# 1. Example

Here is an example.

Automatic machine learning greatly facilitate applying machine learning: there is no need to select among algorithms, no need to tune hyperparameters, etc.

# 2. Hyperparameter Optimization

Let $\lambda$ be the hyperparameters of an ML algorithm $A$ with domain $\Lambda.$ Let $\mathcal{L}(A_\lambda, D_\mathrm{train}, D_\mathrm{valid})$ denotes the loss of $A,$ using hyperparameters $\lambda$ trained on $D_\mathrm{train}$ and evaluated on $D_\mathrm{valid}.$ The hyperparameter optimization problem is to find a hyperparameter configuration $\lambda^*$ that minimizes the loss $$\lambda^*=\arg\min_{\lambda\in\Lambda}\mathcal{L}(A_\lambda, D_\mathrm{train}, D_\mathrm{valid}).$$ There can be more than one $A$ then the loss is defined also over the choice among different algorithms. The problem is called combined algorithm selection and hyperparameter optimization (CASH).

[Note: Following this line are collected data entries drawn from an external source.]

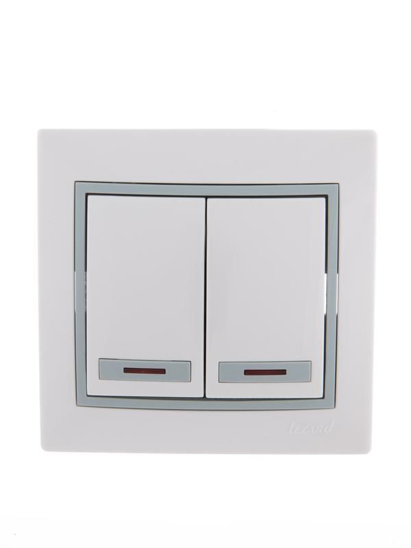 Выключатель двухклавишный с подсветкой 10А IP20 с серой вставкой белый от бренда Lezard (арт. 701-0215-112) предназначен для удобного управления двумя группами светильников в помещениях с нормальными условиями эксплуатации. Модель из серии MIRA сочетает надежную коммутацию, встроенную подсветку и возможность замены декоративной вставки.
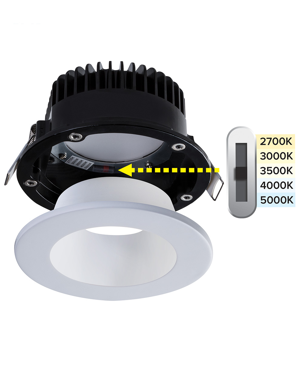 SKYE is a high-performance, easy-to-install residential and commercial downlight solution that offers good light output, energy efficiency and streamlined design with interchangeable color trims and color selectable switch. Suitable for wet locations. SKYE Select dead-front trims available to provide a 2-tone professional trim and baffle finish.
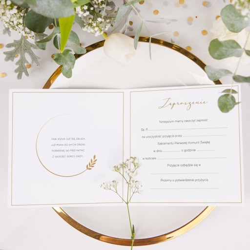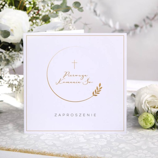 - zaproszenia wykonane są w odcieniach bieli i matowego złota, dekorowane nadrukiem wianuszka zakończonego gałązką i delikatnym krzyżykiem
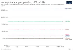 Climate change is predicted to have significant effects on the living conditions in Argentina.[2]: 30 The climate of Argentina is changing with regards to precipitation patterns and temperatures. The highest increases in the precipitation (from the period 1960–2010) have occurred in the eastern parts of the country. The increase in precipitation has led to more variability in precipitation from year to year in the northern parts of the country, with a higher risk of prolonged droughts, disfavoring agriculture in these regions.
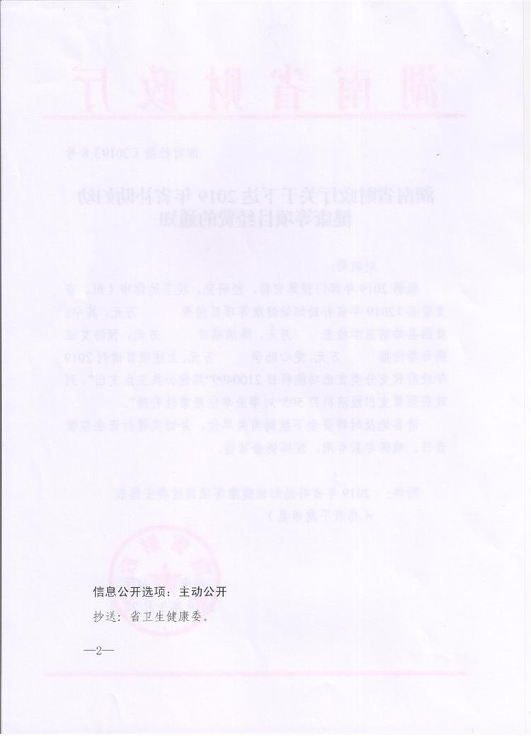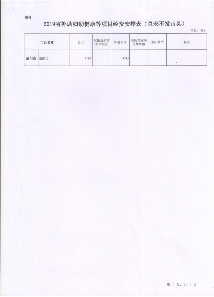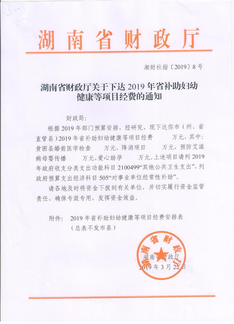 湖南省财政厅关于下达2019年省补助妇幼健康等项目经费的通知

## 2.1 Types of Hyperparameters

- Continuous: learning rate, etc.
- Integer: number of units, etc.
- Categorical: algorithm$\in\lbrace\mathrm{SVM,\ RF,\ NN}\rbrace$

## 2.2 Conditional Hyperparameters

Conditional hyperparameters $B$ are only active if other hyperparameters $A$ are set a certain way.

## 2.3 Bayesian Optimization (BO)

We can use gradient descent to minimize over parameters but $\mathcal{L}$ is not differentiable over hyperparameters. Conventionally we use graduate student descent.

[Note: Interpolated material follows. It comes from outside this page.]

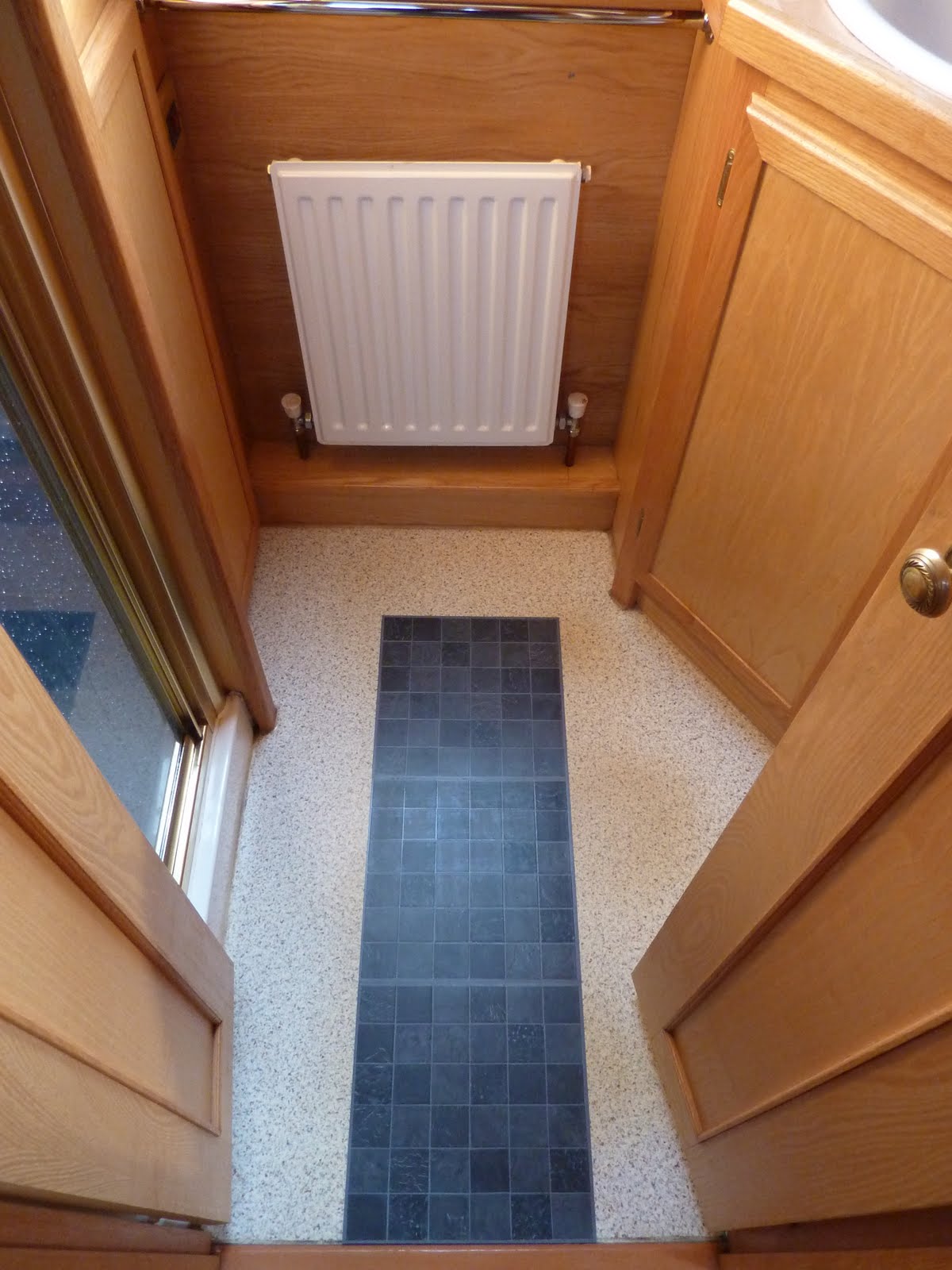 This morning we were up fairly early because we wanted to get some more jobs done.  Adrian headed into Rugby for a few bits of shopping, while I started work on the bathroom floor, beginning with a good scrub and dry.  Here's the 'Before' picture.

Now, we try to solve $\min\limits_\lambda\mathcal{L}(\lambda)$ without $\frac{\partial\mathcal{L}}{\partial\lambda}$ (since we cannot get and besides evaluate $\mathcal{L}(\lambda)$ is often expensive).

- Randomly pick some $\lambda_i$'s and evaluate corresponding $\mathcal{L}(\lambda_i).$
- Repeat until converged: (1) Fit a model $\mathcal{M}$ using $(\lambda_i, \mathcal{L}(\lambda_i))$'s; (2) Sample next $\lambda_i$'s based on $\mathcal{M}$ and calculate $\mathcal{L}(\lambda_i).$

Conventionally we use Gaussian process. But there is some challenges, for example, sometimes the noise is not Gaussian, GP cost is $O(N^3),$ etc.

Here are other methods: population-based methods (using a population of workers which collaborate and/or compete somehow, including genetic algorithms, particle swarm optimization) and multi-fidelity optimization (using cheap approximations of the blackbox).

However, they do not work well in high dimensionality and conditional hyperparameters. GP, GA, and PSO have their own hypermeters and there is no guarantee or evidence that they work in all cases. Besides, so far AutoML cannot learn features and give interpretation.